▸ **Task brief**:
Skip every picture, and output exactly the lines starting at the one with "등장인물은 잠뜰 TV의" and running through the last line of the material below.

▸ **Input data**:
Content starts
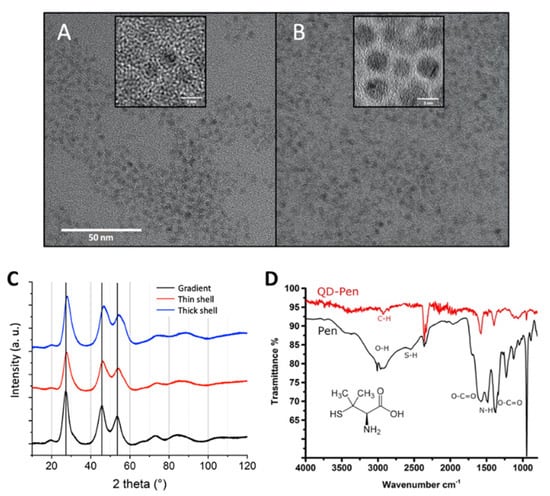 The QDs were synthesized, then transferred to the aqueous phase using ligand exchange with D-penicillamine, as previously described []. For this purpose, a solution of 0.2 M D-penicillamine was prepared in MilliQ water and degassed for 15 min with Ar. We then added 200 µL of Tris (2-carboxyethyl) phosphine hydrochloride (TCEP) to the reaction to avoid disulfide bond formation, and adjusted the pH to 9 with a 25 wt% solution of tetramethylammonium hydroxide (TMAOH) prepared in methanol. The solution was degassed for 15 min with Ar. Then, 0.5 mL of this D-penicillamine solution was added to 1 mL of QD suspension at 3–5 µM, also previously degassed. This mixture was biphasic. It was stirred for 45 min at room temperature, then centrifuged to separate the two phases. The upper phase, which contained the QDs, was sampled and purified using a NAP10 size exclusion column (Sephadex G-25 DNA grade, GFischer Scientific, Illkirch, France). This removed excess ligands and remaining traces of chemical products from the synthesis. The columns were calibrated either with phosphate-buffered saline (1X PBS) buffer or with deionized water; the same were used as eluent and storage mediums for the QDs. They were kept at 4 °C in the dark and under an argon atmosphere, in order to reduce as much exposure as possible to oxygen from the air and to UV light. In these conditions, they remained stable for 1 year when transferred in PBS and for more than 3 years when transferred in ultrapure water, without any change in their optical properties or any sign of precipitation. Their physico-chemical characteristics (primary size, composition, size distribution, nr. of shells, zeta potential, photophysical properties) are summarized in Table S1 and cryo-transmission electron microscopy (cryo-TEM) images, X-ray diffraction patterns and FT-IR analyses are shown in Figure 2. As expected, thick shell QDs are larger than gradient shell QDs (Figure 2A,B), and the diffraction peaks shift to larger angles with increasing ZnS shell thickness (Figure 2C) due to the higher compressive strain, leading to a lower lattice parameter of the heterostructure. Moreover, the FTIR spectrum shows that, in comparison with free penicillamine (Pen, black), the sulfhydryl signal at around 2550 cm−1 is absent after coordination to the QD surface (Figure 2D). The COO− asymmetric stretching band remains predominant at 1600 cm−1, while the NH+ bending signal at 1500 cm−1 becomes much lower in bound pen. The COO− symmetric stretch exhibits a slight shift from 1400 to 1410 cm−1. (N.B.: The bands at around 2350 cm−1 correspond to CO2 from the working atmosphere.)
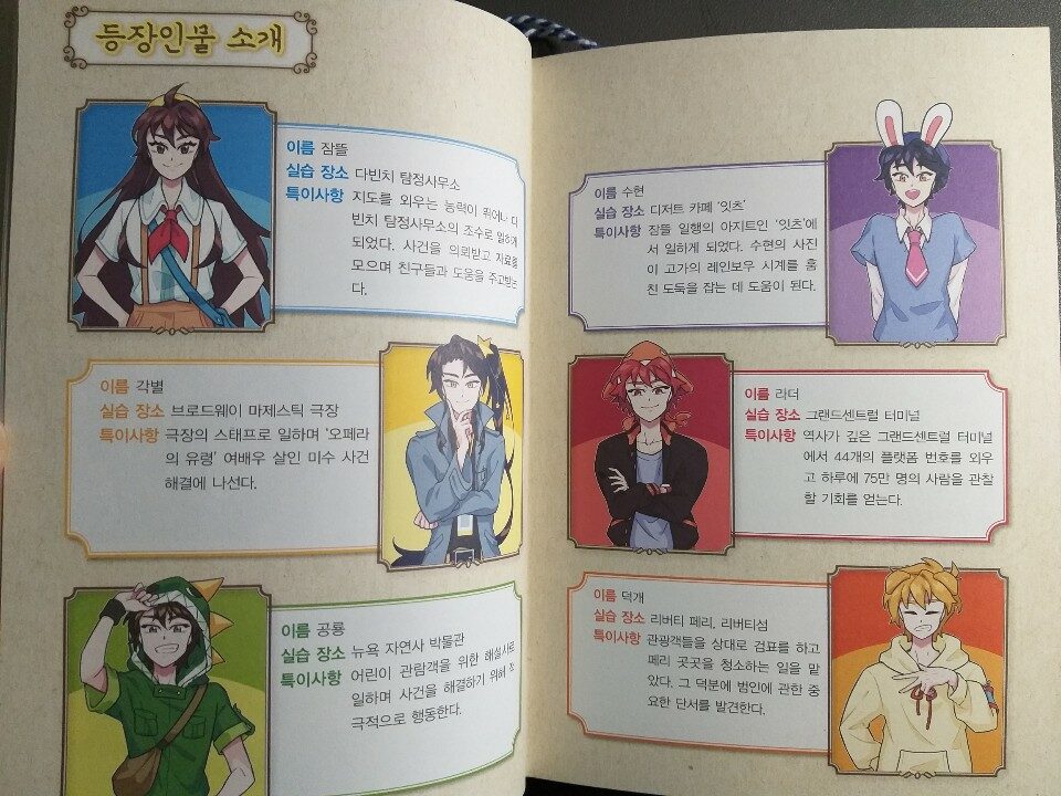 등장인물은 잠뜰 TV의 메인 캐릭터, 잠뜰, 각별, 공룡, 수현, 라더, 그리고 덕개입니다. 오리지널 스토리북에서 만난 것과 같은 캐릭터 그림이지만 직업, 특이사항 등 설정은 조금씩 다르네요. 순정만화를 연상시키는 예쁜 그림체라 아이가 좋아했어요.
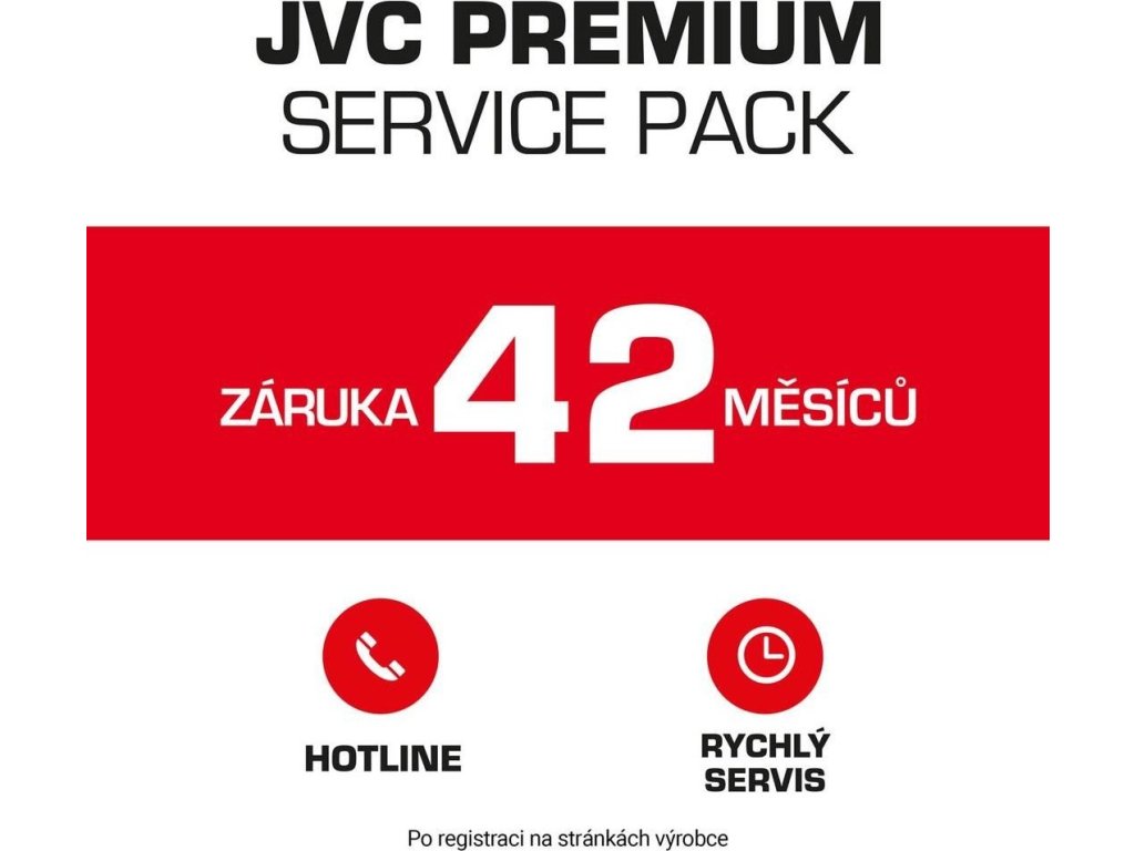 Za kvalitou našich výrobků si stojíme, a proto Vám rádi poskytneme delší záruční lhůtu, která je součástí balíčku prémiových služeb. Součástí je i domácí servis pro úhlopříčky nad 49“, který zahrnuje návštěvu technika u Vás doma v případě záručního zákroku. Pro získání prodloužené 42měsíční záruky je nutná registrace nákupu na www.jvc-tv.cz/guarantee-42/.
Content ends
▸ **Answer section**:
 등장인물은 잠뜰 TV의 메인 캐릭터, 잠뜰, 각별, 공룡, 수현, 라더, 그리고 덕개입니다. 오리지널 스토리북에서 만난 것과 같은 캐릭터 그림이지만 직업, 특이사항 등 설정은 조금씩 다르네요. 순정만화를 연상시키는 예쁜 그림체라 아이가 좋아했어요.
 Za kvalitou našich výrobků si stojíme, a proto Vám rádi poskytneme delší záruční lhůtu, která je součástí balíčku prémiových služeb. Součástí je i domácí servis pro úhlopříčky nad 49“, který zahrnuje návštěvu technika u Vás doma v případě záručního zákroku. Pro získání prodloužené 42měsíční záruky je nutná registrace nákupu na www.jvc-tv.cz/guarantee-42/.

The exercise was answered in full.